It was evening before our explorations of the surrounding scenery closed, and the next day was Sunday. Unfortunately our guides had failed to supply our gourds with water. We had passed pool after pool, and had charged our natives to be sure and fill the gourds in time, but they as often answered that there was plenty of water further on. In this they were mistaken, and we reached our destination with only one quart of water for four persons. But we agreed to spend the Lordís day and offer our sacrifices of prayer and praise on this high altar.
It was cold and dreary, and our bed was hard and rough lava, but raising a low wall of lava blocks, as protection against the piercing night winds, we endured cold and thirst until Monday morning, having no fuel we were above vegetation and only one half-pint of water each from Saturday until the afternoon of Monday.

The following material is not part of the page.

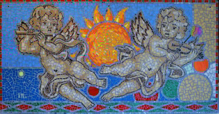 Fresque réalisé en collaboration avec l'Artiste peintre C. Curien. Ayant reçu cette commande qui devait être réalisée en mosaïque et n'état pas mosaïste, la partie dessin et couleur fût réalisé en partenariat et la partie réalisation en atelier.

In itself we would not have deemed it wrong to go down the mountain on the Sabbath, but as our natives are slow to discriminate and reason on points of religion, and as multitudes in all parts of the islands would be sure to hear that the teacher who had so often dissuaded them from unnecessary labor on the Lordís day had himself been traveling on that day, it was prudent to give them no occasion to stumble on this point. I have never regretted the self-denial.
October 8th we marched rapidly down to find water. On our way we passed the famous cone of one mile in circumference formed in 1852, and around the base of this cone we found patches of white frost. So painful was our thirst that we lay down and lapped the frozen vapor. A little before noon we came to a spring of pure, cold water, and here we sat and drank abundantly. At evening we reached Kilauea, a distance of thirty-five miles from our morning position. Here we rested, explored, etc., and on Thursday we reached Hilo, well rewarded for the journey. It was all the way on foot, the whole distance being over 100 miles.

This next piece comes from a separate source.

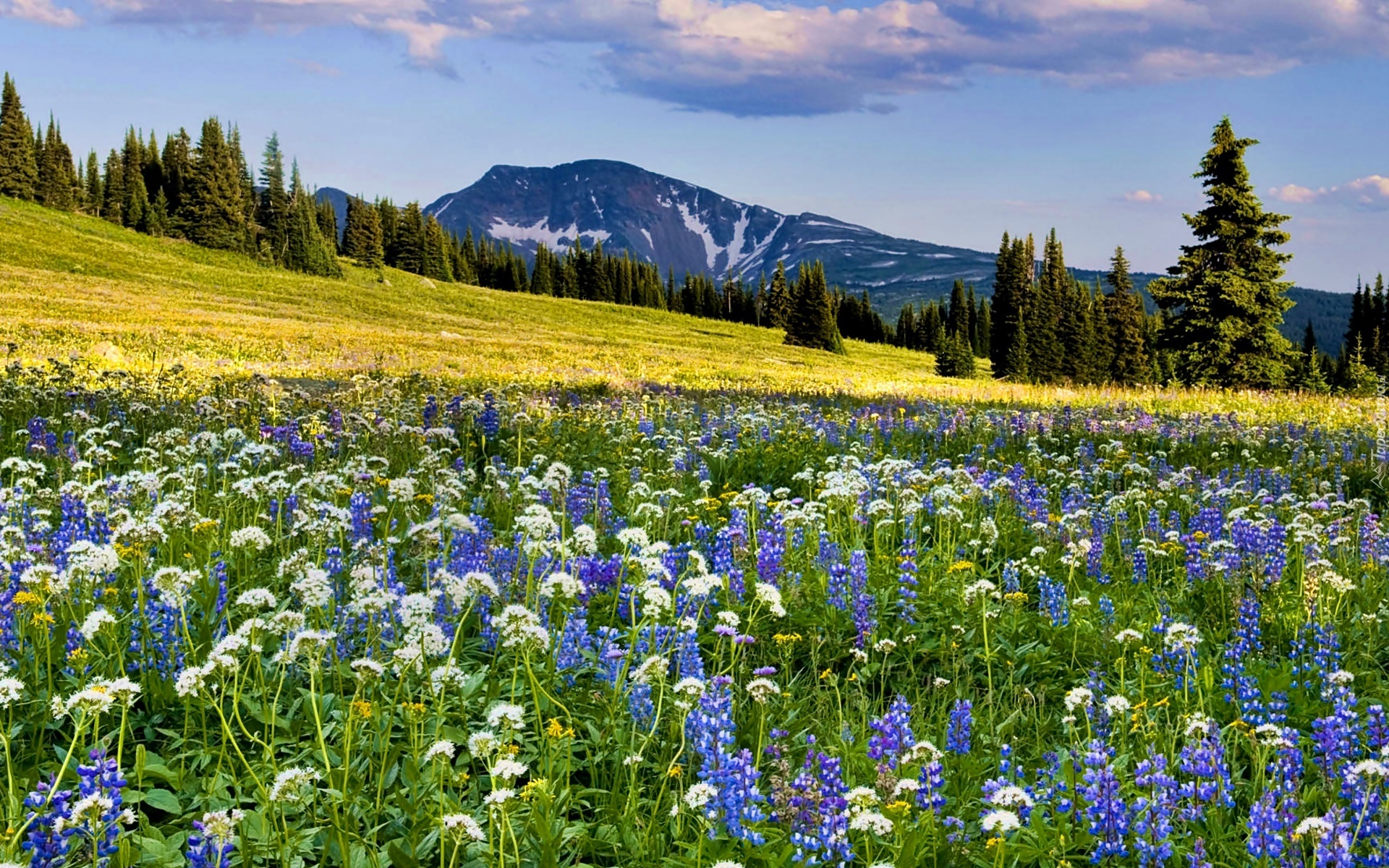 Edytor tapety: Góry, Świerki, Łąka, Łubin

On our return we found all Hilo in a state of anxious suspense, and eager to hear what we had seen and what were the probabilities that the eruption would reach the town. The light of the blazing forest was evidently drawing nearer and nearer daily, but no one had as yet penetrated the dense thicket of ferns and bramble and of tangled vines and fallen trees. A few native bird-hunters had gone up some distance into the forest, and climbed lofty trees to prospect, and had reported the locality of the lower end of the stream. I resolved to pierce the jungle if possible, and on the 22d set off early in the morning with an English gentleman who had offered to accompany me, and with one of the natives who had seen the fire from the tree-top. Upon entering the woods we soon took the channel of a watercourse south of the Wailuku, and wading, leaping from rock to rock, and crossing and recrossing a hundred times to work our way along the margin, we advanced at the rate of about two miles an hour.

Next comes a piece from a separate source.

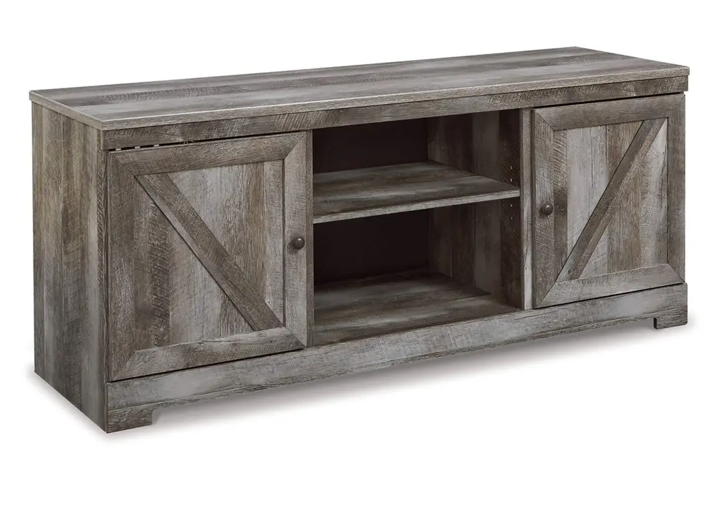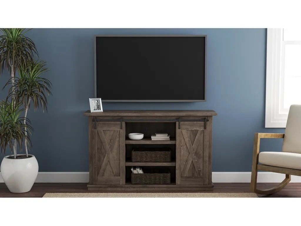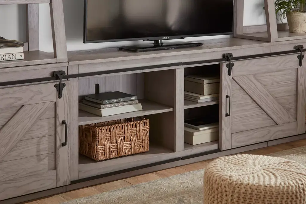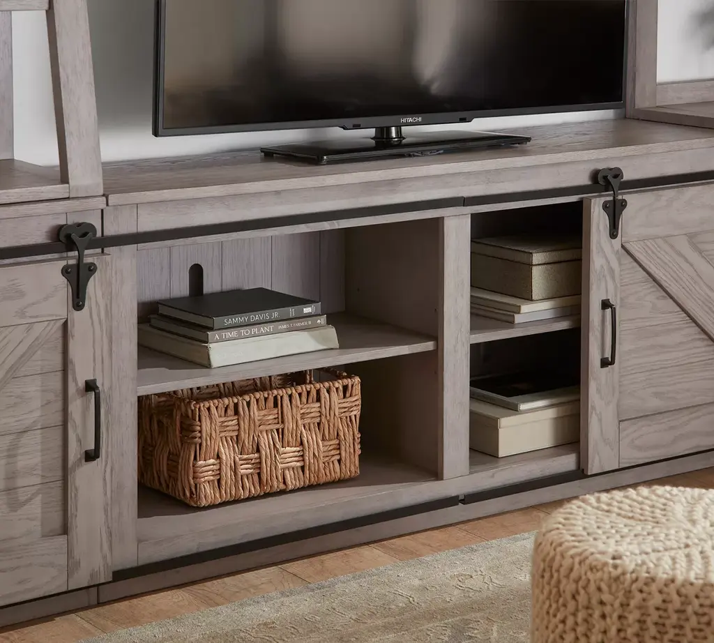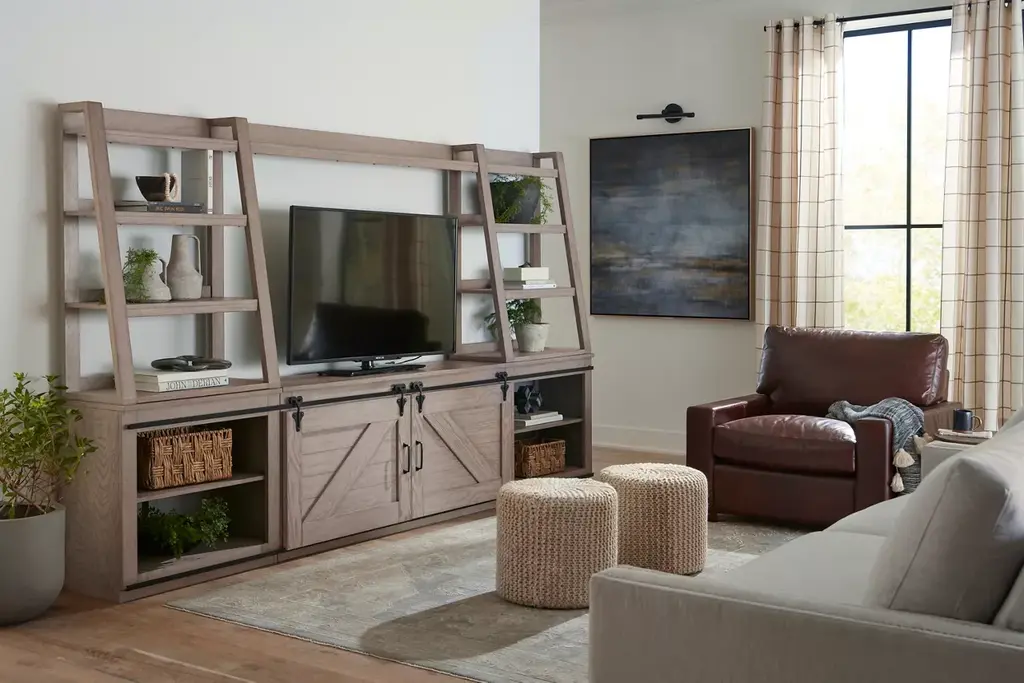 With its unique leaning pier design and abundance of shelf and storage space, our expertly crafted Wakefield entertainment wall is sure to be a conversation starter. Featuring both fixed and adjustable shelves, cord management and sliding barn doors, you can keep your entertainment space organized while showing off your personal style.

Early in the day a cold and dreary rain set in, and continued all that day and night. What with wading and the falling rain, we were thoroughly soaked. But action kept up our warmth, and we pressed on that we might reach the fire before dark. Several times in the afternoon our faithful guide climbed trees in order to descry the fire, and to determine its course and distance. The day declined, and we began to fear that we should be left to spend a dark and cheerless night in the forest without light or fire. At length, however, there was a welcome shout from the last tree climbed: "I see the fire! it is on our right, two miles distant." We turned at right angles to our previous course, left the water-channel, and began to cut and beat our way through the thicket under a fresh inspiration. At a little before sundown we reached the lava river, two miles, perhaps, above its terminus. When within a few rods of it, and we saw its glaring light flashing upon us through the jungle, my companion, who had never seen such a sight, was startled, and inquired earnestly if we were not in danger, and if the forest would not soon all be on fire and consume us.
The place where we stood commanded a scene of surpassing interest. We estimated the flow to be two miles wide, and our view of it to extend about ten miles, giving it some twenty square miles of area. Perhaps three-fourths of the surface was solidified, but hundreds or thousands of pools, and active fountains and streams of lava boiled and glittered and spouted, presenting a scene of marvelous brilliancy and beauty.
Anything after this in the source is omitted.